Identifiers
- Organism: Epstein-Barr virus (strain B95-8)
- Symbol: EBNA2
- UniProt: P12978

Search for
- Structures: Swiss-model
- Domains: InterPro

= Epstein–Barr virus nuclear antigen 2 =

The Epstein–Barr virus nuclear antigen 2 (EBNA-2) is one of the six EBV viral nuclear proteins expressed in latently infected B lymphocytes is a transactivator protein. EBNA2 is involved in the regulation of latent viral transcription and contributes to the immortalization of EBV infected cells. EBNA2 acts as an adapter molecule that binds to cellular sequence-specific DNA-binding proteins, JK recombination signal-binding protein (RBP-JK), and PU.1 as well as working with multiple members of the RNA polymerase II transcription complex.

== Structure ==

EBNA2 has an acidic activation domain, which can interact with many different general transcription factors and co-activators. Regulation of transcription initiation and elongation by EBNA 2 is done part through cyclin-dependent kinase 9 (CDK9) dependent phosphorylation of the RNA polymerase C-terminal domain.

== Mechanism ==

EBNA2 requires C-promoter binding factor 1 (CBF1) to aid in binding to its cis-responsive DNA element, the C promoter (Cp). Binding occurs during infection, to generate a 120kb transcript that encodes all nuclear antigens required for immortalization by EBV.2 Mutation of EBNA2 amino acid 323 and 324, which are located within a highly conserved amino acid motif, abolished the interaction with CBF1.3 This same mutation also abolished the ability of EBNA-2 to activate the Cp.

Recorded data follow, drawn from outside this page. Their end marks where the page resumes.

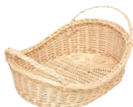
⑰ 籐製 耳付 舟型かご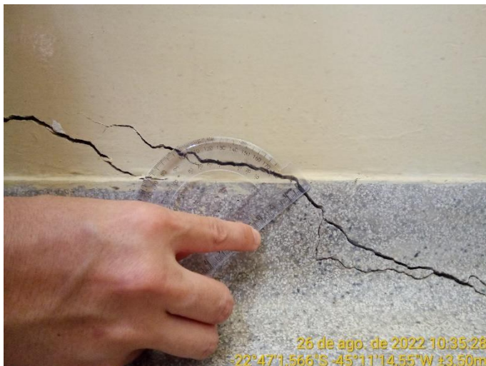
12.1 Detalhe trinca à 45º no piso da sala de aula (+ 1 mm)

O piso do corredor está danificado, com trinca.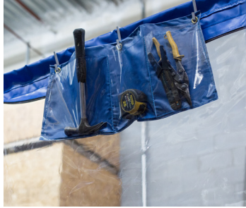
HZ-12 : Sac à outils

Kit d'extension de 4' pour rejoindre les plafonds de plus de 10'.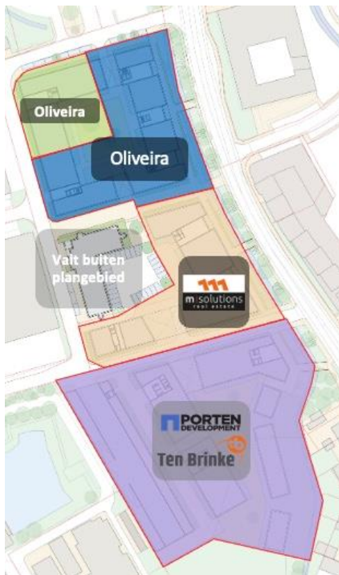
Figuur 3. Betrokken partijen Cacaokwartier.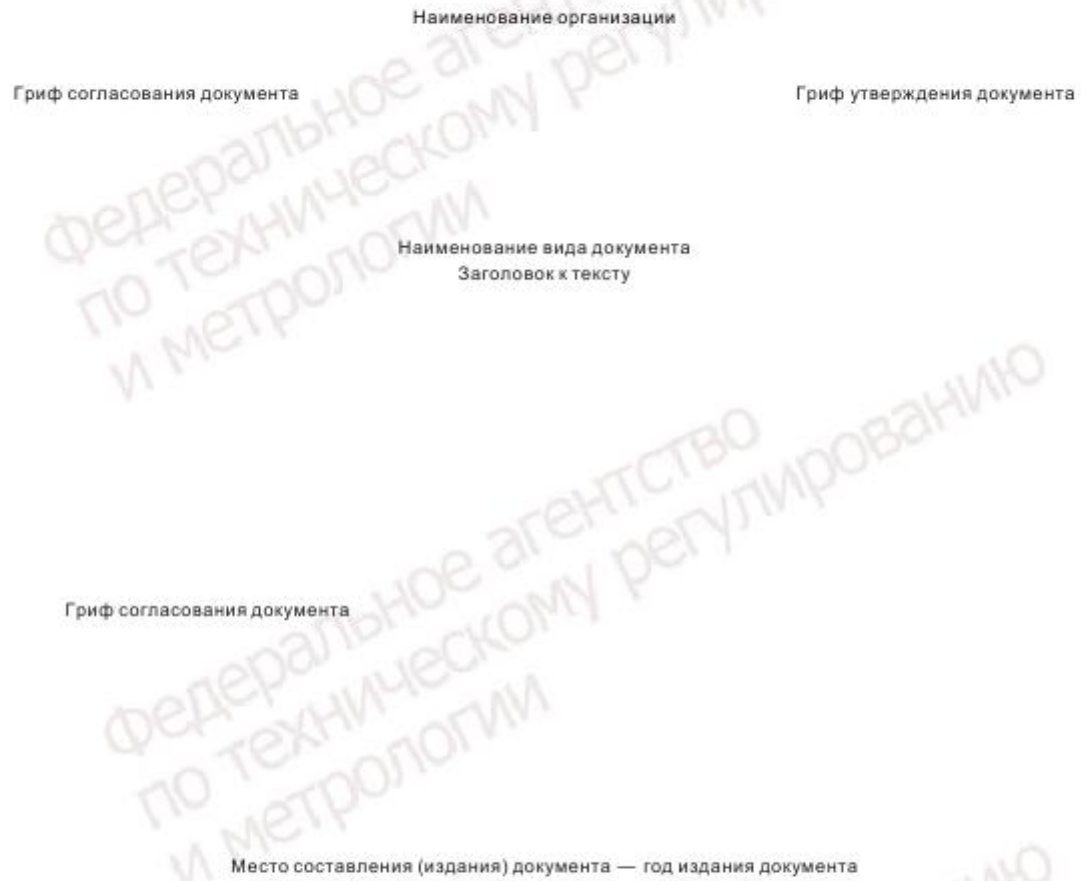
Рисунок А.1 — Расположение реквизитов на титульном листе документа

EBNA-LP and EBNA2 are the first two proteins expressed in latent infection of primary B lymphocytes. EBNA-LP stimulates EBNA2 activation of the LMP1 promoter and of the LMP1/LMP2B bidirectional transcriptional regulatory element whereas EBNA-LP alone only has a negative effect.

EBNA2 transactivates the promoters of the latent membrane antigens LMP, TP1 and TP2. Additionally, EBNA2 interacts with an EBNA2 responsive cis-element of the TP1 promoter. Interactions with both the TP1 and LMP/TP2 promoters occur at at least one binding site for the cellular repressor protein RBP-Jκ. EBNA2 is tethered to the EBNA2 responsive promoter elements by interacting with RBP-Jκ, a human recombination signal sequence binding protein.

Specific responsive elements that share the core sequence GTGGGAA have been discovered in several of the promoters activated by EBNA2. A similar core sequence has recently been identified as a binding site in RBP-Jκ. The binding of RBP-Jκ is not sufficient for EBNA2-mediated trans activation. An activated form of the Notch receptor can transactivate a reporter construct containing a hexamer of the two RBP-Jκ binding sites of the TP1 promoter. This supports the idea that EBNA2 acts as a functional equivalent of an activated Notch receptor.

EBNA2 also interacts with the human homolog of the yeast transcription factor (SNF5 hSNF5/Ini1) as it coelutes with both hSNF5/Ini1 and BRG1. BRG1 is a human homolog of SWI/SNF2. However, this interaction is restricted to a subpopulation of phosphorylated viral EBNA2. EBNA2-hSNF5/Ini1 interaction adds credit to the idea that EBNA2 facilitates transcriptional transactivation by acting as a transcription adapter molecule. Possibly, EBNA2 engages the hSNF-SWI complex to generate an open chromatin conformation at the EBNA2-responsive target genes. This then potentiates the function of the RBP-JK-EBNA2-polymerase II transcription complex.